The European Court of Justice (ECJ) is forcing Britain’s small and medium-sized enterprises to face the prospect of a multi-billion pound bill for back-dated holiday pay which could send many companies out of business.
EEF, a manufacturers’ organisation, is warning that the government must introduce emergency legislation following a series of ECJ rulings which will allow workers to claim for holiday pay and overtime as far back as 1998, the year the EU’s Working Time Directive came into force.
The rulings are all related to the British interpretation of the directive which granted every worker four weeks’ paid leave, with UK law increasingly out of step with that of Europe.
“This is potentially catastrophic for companies who have been fully compliant with UK law, yet now find themselves in a position which they could not have foreseen,” a spokesman for the organisation said. He urged the government to bring forward legislation limiting the backdated liability companies will face.
According to EEF calculations, an average cost for a company with a turnover of £30m will be a £2.5m bill for holiday back-pay, as well as potential National Insurance and pension contributions which could add an extra £250,000 to the bill.
Over a four year period SME companies could face potential costs of £4m. The EEF estimates that complying with the ruling from now on is likely to add an extra 4 per cent to a company payroll.
This follows a related ECJ employment law decision which ruled that workers who earn commission pay are entitled to receive commissions even while on holiday.
The Wall Street Journal summed up the judgment: “Taking vacations and receiving ‘normal’ pay on vacations are ‘rights’ protected by European law, the court reasoned.

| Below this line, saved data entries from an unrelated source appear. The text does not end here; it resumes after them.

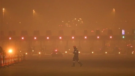 Πυκνός μαύρος καπνός έχει καλύψει την ευρύτερη περιοχή ενώ έχει καλύψει μεγάλο μέρος της Αττικής και της Εύβοιας.
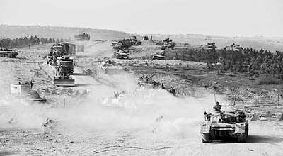 “红方”装甲分队向“蓝方”阵地发起猛攻。
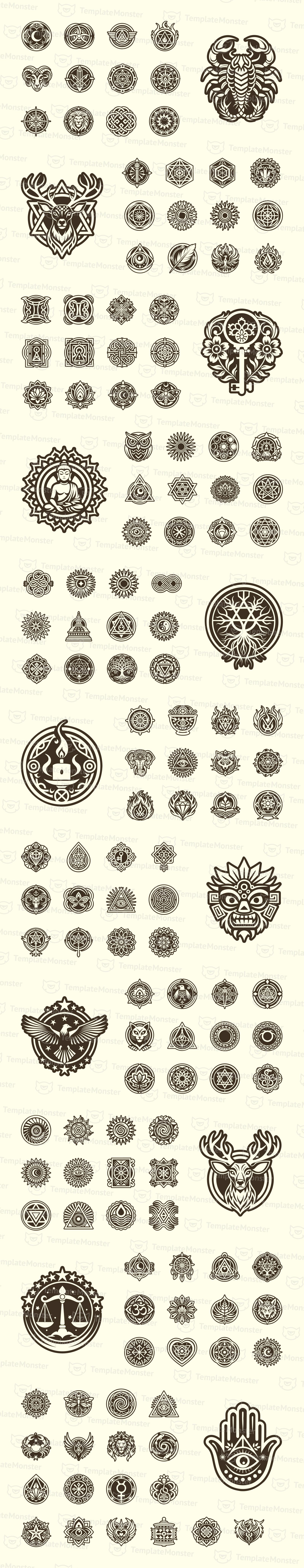 Dive into the mystical realm with our Aesthetic Esoteric Symbols, a stunning collection of alchemical, zodiac, and Buddhist-inspired sigils. Perfect for tattoo artists, graphic designers, and spiritual enthusiasts, this versatile set is ready to adorn your creations. From minimalist aesthetics to intricate details, these symbols embody beauty, mysticism, and creativity, catering to modern and timeless styles alike.
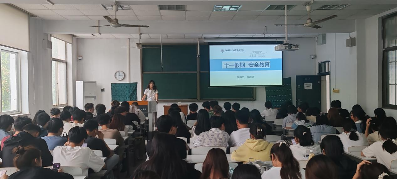 会议伊始,辅导员李明明着重强调一直以来进行的防诈骗工作并对员工进行法治教育,宣传普法工作,旨在提高全体员工防范意识。接着分别从防火防盗,防极端天气、交通事故等各项方面对全体员工进行提醒。最后,希望全体员工能够度过一个轻松愉快的国庆假期。

“Therefore, depriving workers in Mr. Lock’s [the plaintiff’s] situation of commission pay during holidays discourages them from exercising their sacred right to relax on a beach. Never mind that the purpose of commission pay is to create an incentive for competitive behaviour and going the extra mile.”
The court failed to specify how commissions on non-existent sales should be calculated, leaving the door open to further litigation by employees against companies, another EU-blow to British SMEs.